R4 and R5 are independently of one another selected from the group consisting of (C3-C7)-cycloalkyl, 5- to 7-membered heterocyclyl, (C6-C10)-aryl and 5- to 7-membered heteroaryl, whereby cycloalkyl, heterocyclyl, aryl and heteroaryl may be substituted with 1 to 3 substituents, whereby said substituents are selected independently of one another from the group consisting of halogen, cyano, hydroxy, amino, nitro, trifluoromethyl, trifluoromethoxy, hydroxycarbonyl, aminocarbonyl, (C1-C6)-alkyl, (C1-C6)-alkoxy, (C1-C6)-alkylamino, (C1-C6)-alkylthio, (C1-C6)-alkylcarbonyl, (C1-C6)-alkylsulfonyl, (C1-C6)-alkoxycarbonyl, (C1-C6)-alkylaminocarbonyl and (C1-C6)-alkylcarbonylamino,

or a salt thereof, a solvate thereof or a solvate of a salt thereof.

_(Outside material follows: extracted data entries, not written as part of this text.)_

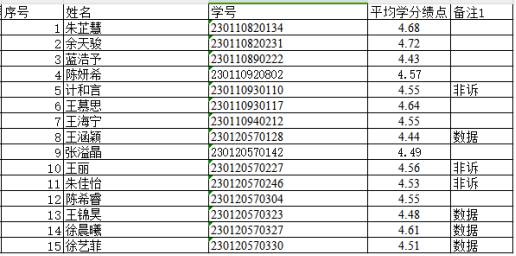 依照学生报名情况,按照1:3比例组织学生面试,即按入学来所有课程平均学分绩点排序,选择报名学生的前15名进入面试。面试顺序按学号升序排序(具体见截图)
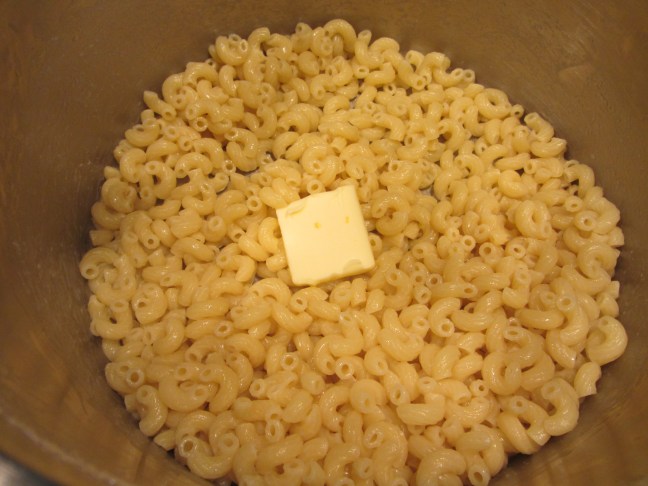 Butter added to hot elbow macaroni.
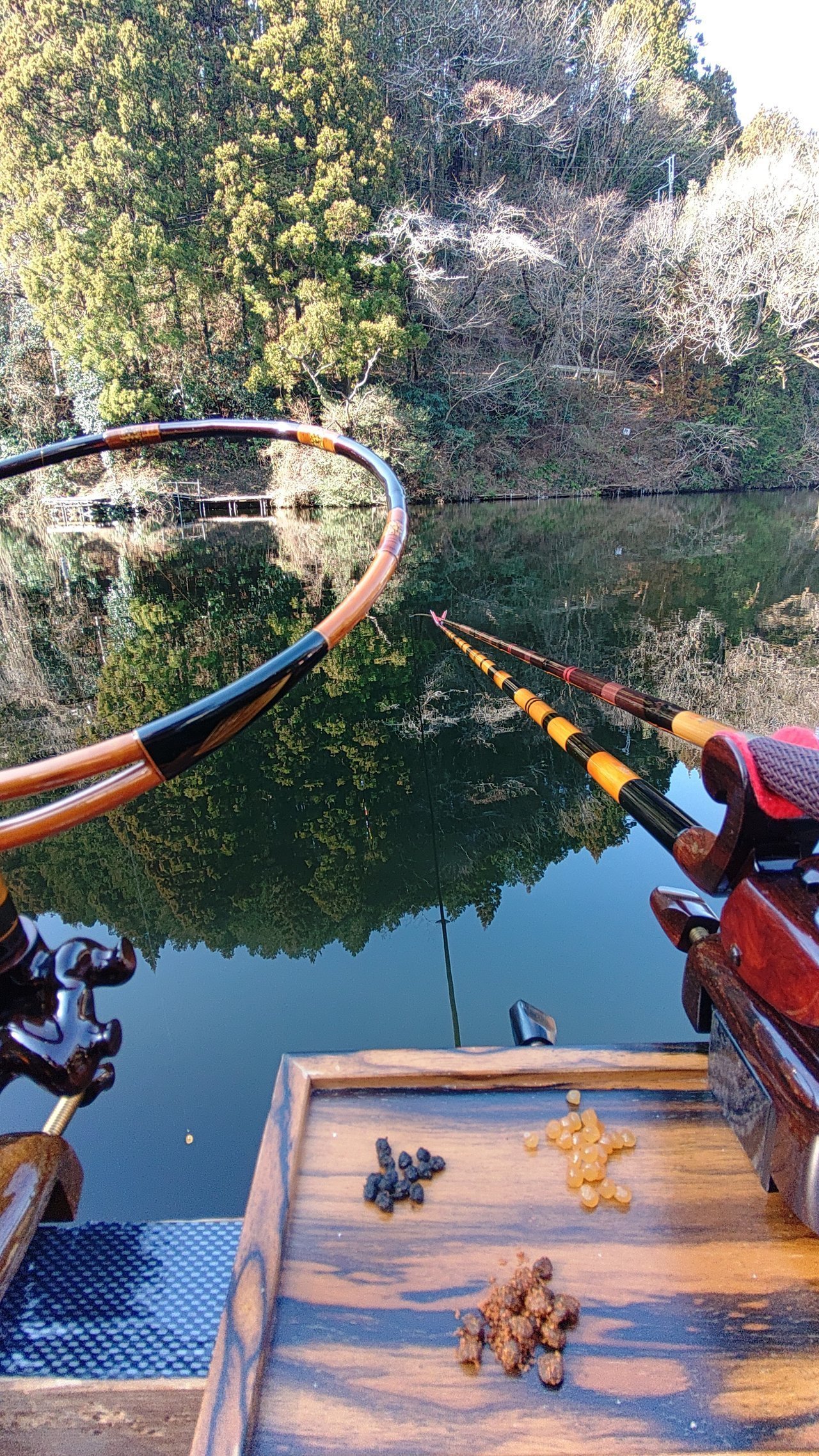 ■釣り方:1〜2本半の力玉のセット釣り ■竿:シマノ 朱紋峰 煉 16尺 ■浮子:巧実 バトルシリーズ 浅ダナセット M(2目沈め) ■道糸:東レ 将鱗へら スーパープロ 道糸 フロロ ゴールド 0.6号 ■ハリス:㊤:ダン へらハリス 0.4号/8CM ㊦:ダン へらハリス 0.3号/45CM ■ハリ:㊤:ハヤブサ 鬼掛け 極ヤラズ 鋒 6号 ㊦:ハヤブサ 鬼掛け 喰わせヒネリ 2号 ■エサ:《バラケ》マルキユー 粒戦100+瀑麩チョイ盛り100+水150 を粉の状態で良く混ぜ合わせる。 その後、水を入れたらしっかり吸水するまで数分放置。 吸水し固まってきたら《ふぶき 大盛り200》を入れ熊手で良く混ぜ合わせる。 一握り半ぐらいを別ボウルに小分けをする。 小分けしたバラケをエアーを抜いたり/エサ付け時のチモトの付け具合や圧等でナジミ幅/バラケ具合をコントロールする。 基本は手水と基エサで調整。 クワセ マルキユー 力玉 大粒 改/にんにくさなぎ玉/クロレラ黒玉。 ■飯:※本日は完デコの為帰飯は控えさせて頂きました。

29. The method of claim 28, wherein said compound is in the form of a medicament.

30. The method of claim 29, whereby said medicament comprises a further active ingredient.

31. The method of claim 29, whereby said medicament comprises an inert, non-toxic, pharmaceutically acceptable excipient.